I found some interesting and promising candidates (potential members of my protein complex or binding partners of my protein of interest) in the mass spec result. What can I do next as follow-up to confirm those proteins?
As next step, best would be to repeat the experiment in replicates to see if we can reproducibly confirm initial results. Triplicates (for experiment and control conditions) are needed for a good statistical foundation and to calculate the fold change and associated p-values. For better discrimination of true interactors and background proteins these values can be visualized as a volcano plot.
How can I evaluate the quality of my data?

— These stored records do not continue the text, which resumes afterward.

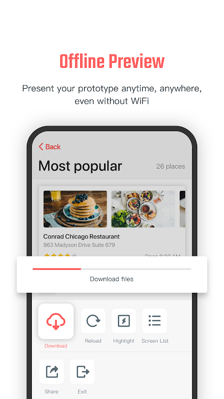 MockingBot Viewer menyokong pratonton prototaip luar talian. Pada mod pratonton, dua jari ketik skrin untuk memilih mod luar talian, dan kemudian anda boleh melihat prototaip anda tanpa sambungan internet.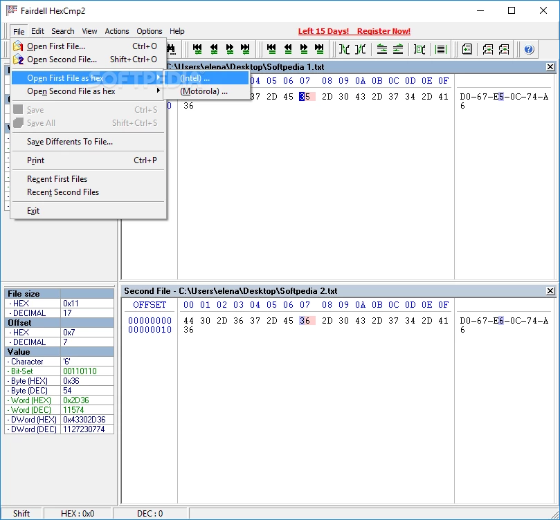 HexCmp 2 to oprogramowanie do porównywania i tworzenia plików opracowane przez Fairdell Software. Narzędzie jest bardzo dobrze zaprojektowane i przeznaczone specjalnie dla systemu Windows. Łączy w sobie aplikację do porównywania plików binarnych i edytor szesnastkowy, umożliwiając użytkownikom porównywanie nie tylko plików binarnych, ale także plików tekstowych w locie.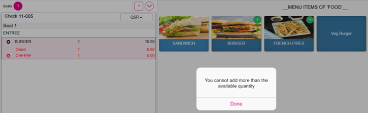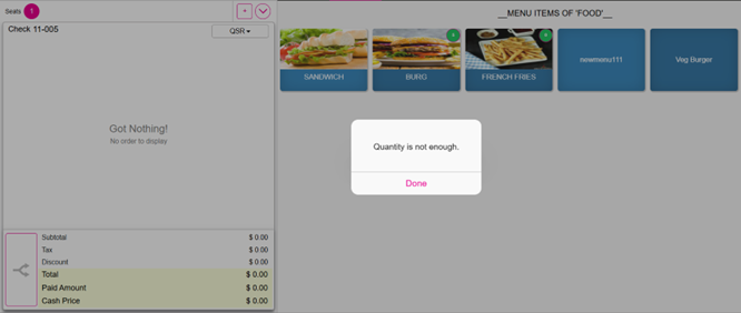 - When any Menu Void takes place, then the Quantity of the Item will be added to the respective Item. When the Quantity of the Menu Item is 0 and that Item is selected then the pop-up message 'Quantity is not enough' appears along with the Done button.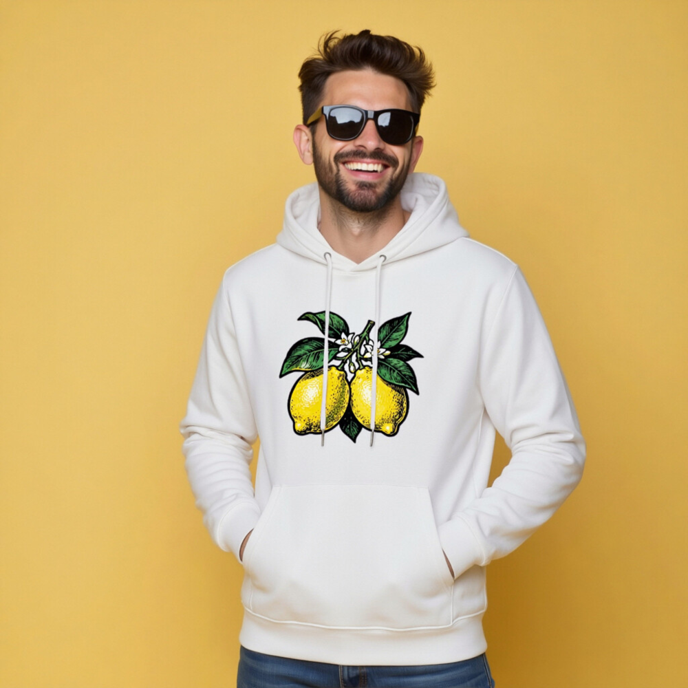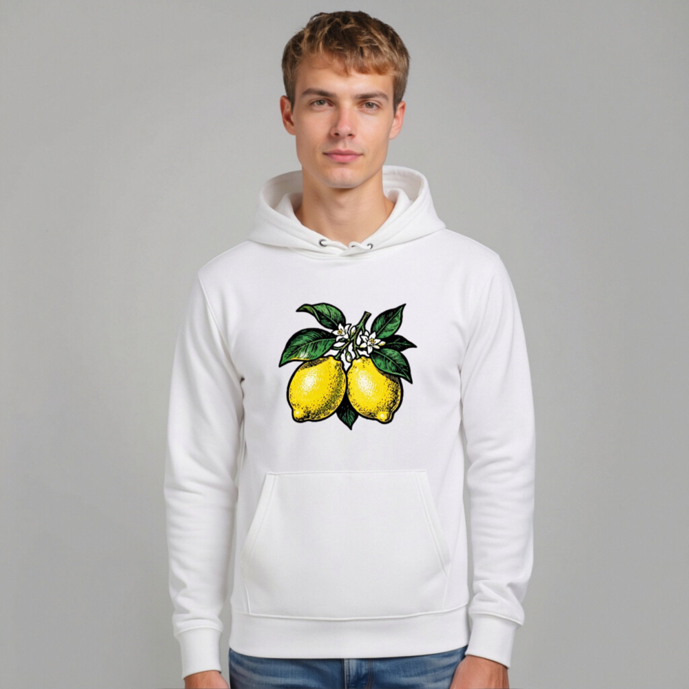 Unisex Eco Hoodie with Lemon Branch Design | Sustainable Essential Sweatshirt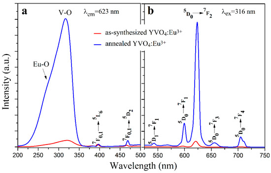 The excitation (a) and emission (b) spectra of the as-synthesized (unannealed) and the annealed YVO4:Eu3+ nanoparticles.
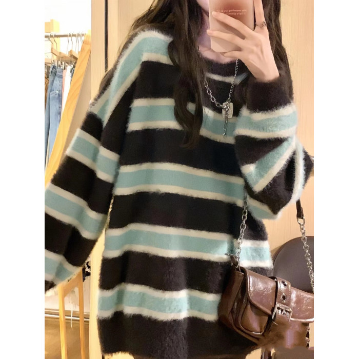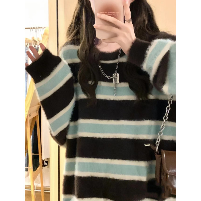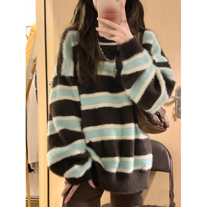 軟糯溫柔條紋慵懶風秋冬新款毛衣女寬松復古仿水貂絨甜辣針織衫厚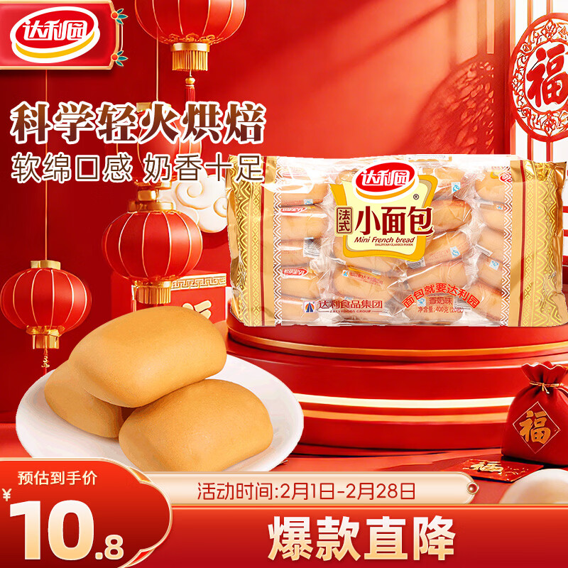 达利园 法式小面包整箱健康营养早餐点心速食懒人小吃货网红零食品 达利园法式小面包含箱800g
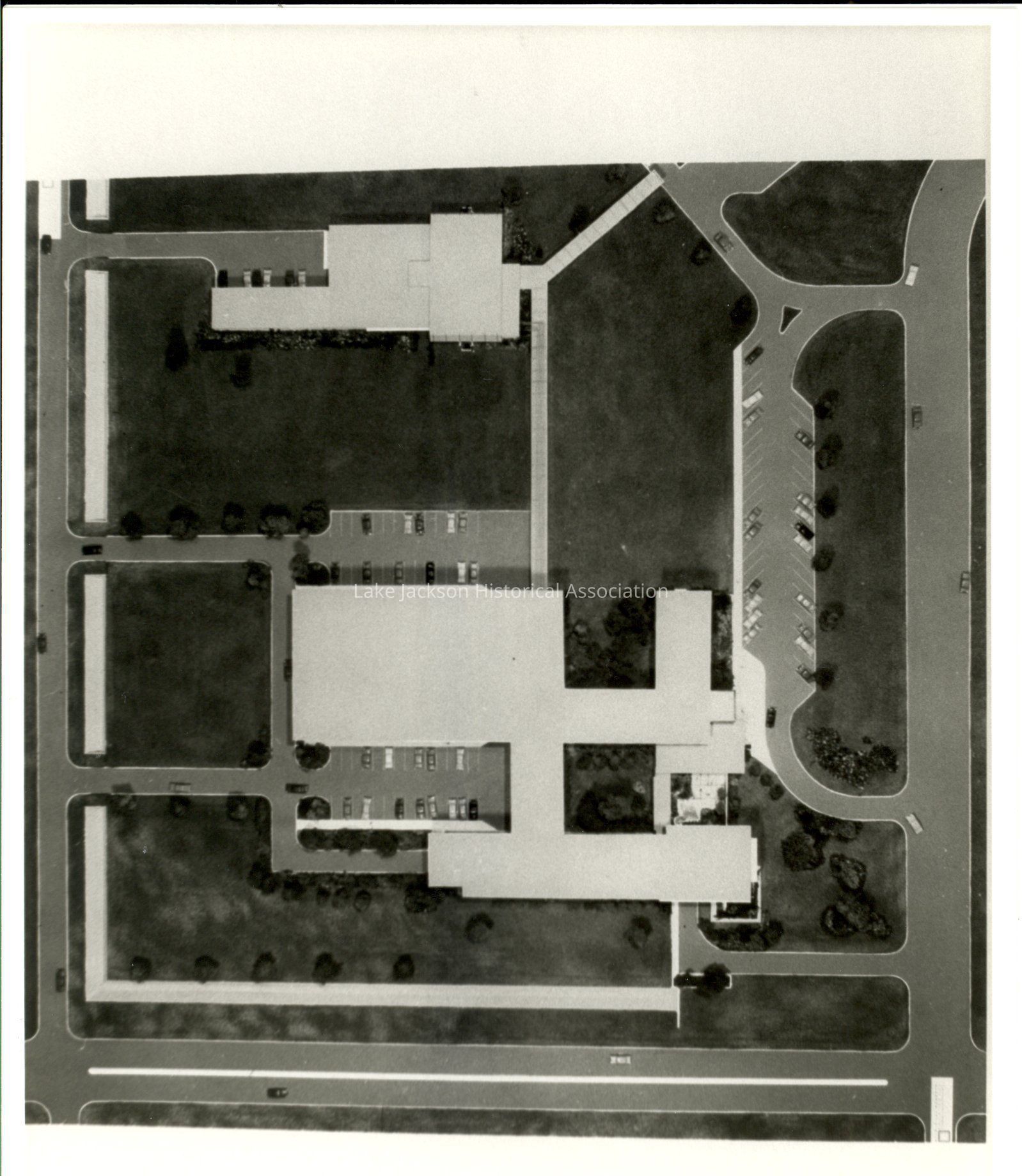 Black and white birdseye view photo of a model of the A.P. Beutel Building that is located at Dow Chemical. Taken on March 3, 1956.Collection

We monitor several parameters of LC and mass spec machines, calibrate machines on a regular base, perform quality control runs before, after and in between sample runs and additionally introduce washing steps before, after and in between sample runs to avoid carry-over effects. In the mass spec xlsm result file we provide there is a tab called ´Quality Control´ where several parameters are visualized, such as distribution of mass deviation, number of miscleaved peptides or occurrence of methionine oxidation.
What can I do if I cannot find the mass spec result files you sent me anymore?
We store all result files on a secure server, where we have access to the data at any time.
So if you cannot find your mass spec result anymore, just contact us and we will send you another copy of the original result file.
Can the raw data be accessed too?
We store all the raw data files on a secure server, where we have access to at any time.
So if you wish to have the raw data for yourself or for providing it to a journal, because it was requested by the editors for the reason of transparency, just contact us and we will send you a copy of the original raw data files.
How to overcome the problem of distinct interaction properties?
Many proteins are social and talk to each another in groups called protein complexes. Some other partners are rather “unsocial”, with only limited communication (e.g. signal transduction pathways) and merely engaging in transient interactions (i.e. protein interactions that are easily formed and broken).
Partnering proteins can be “glued” together using a tool called cross-linker (e.g. formaldehyde).
As an example, you can work with 0.75 % formaldehyde and in-vitro crosslink proteins on beads in a protein extract. Incubation time could be 10 minutes; if you “over-crosslink” your proteins you will probably increase unspecific protein background.
Possible points to consider:
- Formaldehyde oxidizes to paraformaldehyde if not kept tightly closed. While formaldehyde is a zero-length cross linker, paraformaldehyde is not.
- Formaldehyde crosslinking -like any other crosslinker- is dependent on the substrate concentration. If you are performing in-vivo crosslinking, make sure that each of the binding partners are expressed at right level. Having controls is the key.
- Crosslinking is also highly temperature dependent. So, using cold or warm PBS can affect not only the crosslinking of your target complex, but also background non-specific crosslinks.
- If controls suggest that each of the binding partners are expressed as expected, working formaldehyde concentration may require some optimization.
- Low concentrations of formaldehyde are mass spec compatible
Please use Methanol-free FA, as the stabilized solution from store can be used for desinfection, but is not appropriate for biochemical or cell biology tasks.